=== Begin Enclosure ===

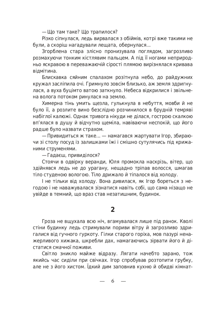 Зрештою терпець увірвався. Аби зберегти сім’ю, молодята на скромні заощадження придбали хатинку в селі. Тесть допоміг облаштуватися, здавалося б, життя налагодилося, ніщо більше не заважатиме сімейному щастю. Та першого ж дня на новому місці явився примарний образ старої з клюкою, яка їм погрожувала. Ймовірно, це було попередженням про майбутні негаразди
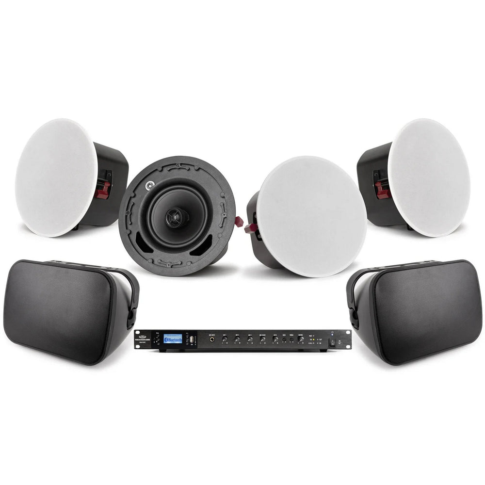 Pure Resonance Audio Commercial Indoor Outdoor Sound System with S6.1 Surface Mount and C6 Ceiling Speakers and RMA240BT 240W Bluetooth Mixer Amplifier
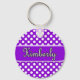 Niedlicher Schlüsselanhänger in kleinen weißen Punkten auf lila Hintergrund, auf dem Kimberly-Namen gedruckt ist.
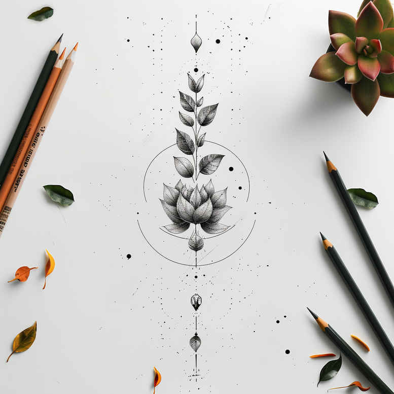 AI-generated tattoo project concept: a lotus mandala rendered in black and grey fine-line tattoo technique, designed as a vertical motif suitable for forearm, calf, or spine placements. The core is a stylized lotus blossom opening upward along a slender stem, with paired leaves and a geometric circle that contains a delicate mandala of dots, arcs, and micro-shading. The linework is crisp and controlled, emphasizing negative space to preserve legibility on skin while allowing gentle shading to impart subtle depth without overpowering the design. Surrounding elements include concentric rings and a subtle halo that lend a sense of balance and rhythm, making the piece easy to extend into a larger composition if desired. Symbolically, the lotus represents renewal and purity, while the mandala and circular rhythm hint at unity, continuity, and infinity—concepts that resonate with many meaningful tattoos. The arrangement supports optional additions such as a short script along the stem, a secondary flower in the outer ring, or a small infinity symbol to reinforce the theme. The design is intentionally versatile: it can be executed in pure black ink or adapted to a Japanese style tattoo with slightly bolder line weights, while maintaining the refined look of black and grey. As a demonstration of AI-generated tattoo projects, this concept showcases thoughtful layout, scalable line density, and a clear path from concept to a custom tattoo design that an artist can tailor to individual anatomy and skin tone. For clients seeking small tattoos with deep symbolism or for those exploring cover-up opportunities, the clean geometry and botanical elegance offer a strong foundation for personalization and future growth into a larger body of work in ink, body art, and tattoo design.
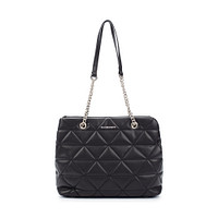 Геометричная бежевая сумка-тоут с трендовой отстрочкой и акцентными ручками с цепочкой. Модель с двумя вместительными отделениями и карманами для мелочей. Застежка на молнию. Сумка отлично дополнит повседневные и вечерние образы.
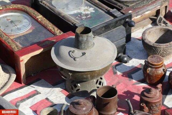 6/10这是一只老式的炭火火锅,类似于老北京的铜锅涮肉,如今也跟钟表一起摆在了古玩摊上。
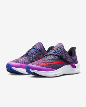 Let the Nike Pegasus FlyEase, a balanced and energized ride for any run, help you ascend to new heights. A supportive sensation helps keep your foot contained, while underfoot Air adds a pop to your step as you transition from heel to toe. Nike FlyEase technology acts as a strap, helping secure the fit. Your trusted workhorse with wings is back. Time to fly.

=== End Enclosure ===

**Exercise instructions**: Your reply should repeat the entries above exactly, leaving the pictures out.

**Task output**:
 Зрештою терпець увірвався. Аби зберегти сім’ю, молодята на скромні заощадження придбали хатинку в селі. Тесть допоміг облаштуватися, здавалося б, життя налагодилося, ніщо більше не заважатиме сімейному щастю. Та першого ж дня на новому місці явився примарний образ старої з клюкою, яка їм погрожувала. Ймовірно, це було попередженням про майбутні негаразди
 Pure Resonance Audio Commercial Indoor Outdoor Sound System with S6.1 Surface Mount and C6 Ceiling Speakers and RMA240BT 240W Bluetooth Mixer Amplifier
 Niedlicher Schlüsselanhänger in kleinen weißen Punkten auf lila Hintergrund, auf dem Kimberly-Namen gedruckt ist.
 AI-generated tattoo project concept: a lotus mandala rendered in black and grey fine-line tattoo technique, designed as a vertical motif suitable for forearm, calf, or spine placements. The core is a stylized lotus blossom opening upward along a slender stem, with paired leaves and a geometric circle that contains a delicate mandala of dots, arcs, and micro-shading. The linework is crisp and controlled, emphasizing negative space to preserve legibility on skin while allowing gentle shading to impart subtle depth without overpowering the design. Surrounding elements include concentric rings and a subtle halo that lend a sense of balance and rhythm, making the piece easy to extend into a larger composition if desired. Symbolically, the lotus represents renewal and purity, while the mandala and circular rhythm hint at unity, continuity, and infinity—concepts that resonate with many meaningful tattoos. The arrangement supports optional additions such as a short script along the stem, a secondary flower in the outer ring, or a small infinity symbol to reinforce the theme. The design is intentionally versatile: it can be executed in pure black ink or adapted to a Japanese style tattoo with slightly bolder line weights, while maintaining the refined look of black and grey. As a demonstration of AI-generated tattoo projects, this concept showcases thoughtful layout, scalable line density, and a clear path from concept to a custom tattoo design that an artist can tailor to individual anatomy and skin tone. For clients seeking small tattoos with deep symbolism or for those exploring cover-up opportunities, the clean geometry and botanical elegance offer a strong foundation for personalization and future growth into a larger body of work in ink, body art, and tattoo design.
 Геометричная бежевая сумка-тоут с трендовой отстрочкой и акцентными ручками с цепочкой. Модель с двумя вместительными отделениями и карманами для мелочей. Застежка на молнию. Сумка отлично дополнит повседневные и вечерние образы.
 6/10这是一只老式的炭火火锅,类似于老北京的铜锅涮肉,如今也跟钟表一起摆在了古玩摊上。
 Let the Nike Pegasus FlyEase, a balanced and energized ride for any run, help you ascend to new heights. A supportive sensation helps keep your foot contained, while underfoot Air adds a pop to your step as you transition from heel to toe. Nike FlyEase technology acts as a strap, helping secure the fit. Your trusted workhorse with wings is back. Time to fly.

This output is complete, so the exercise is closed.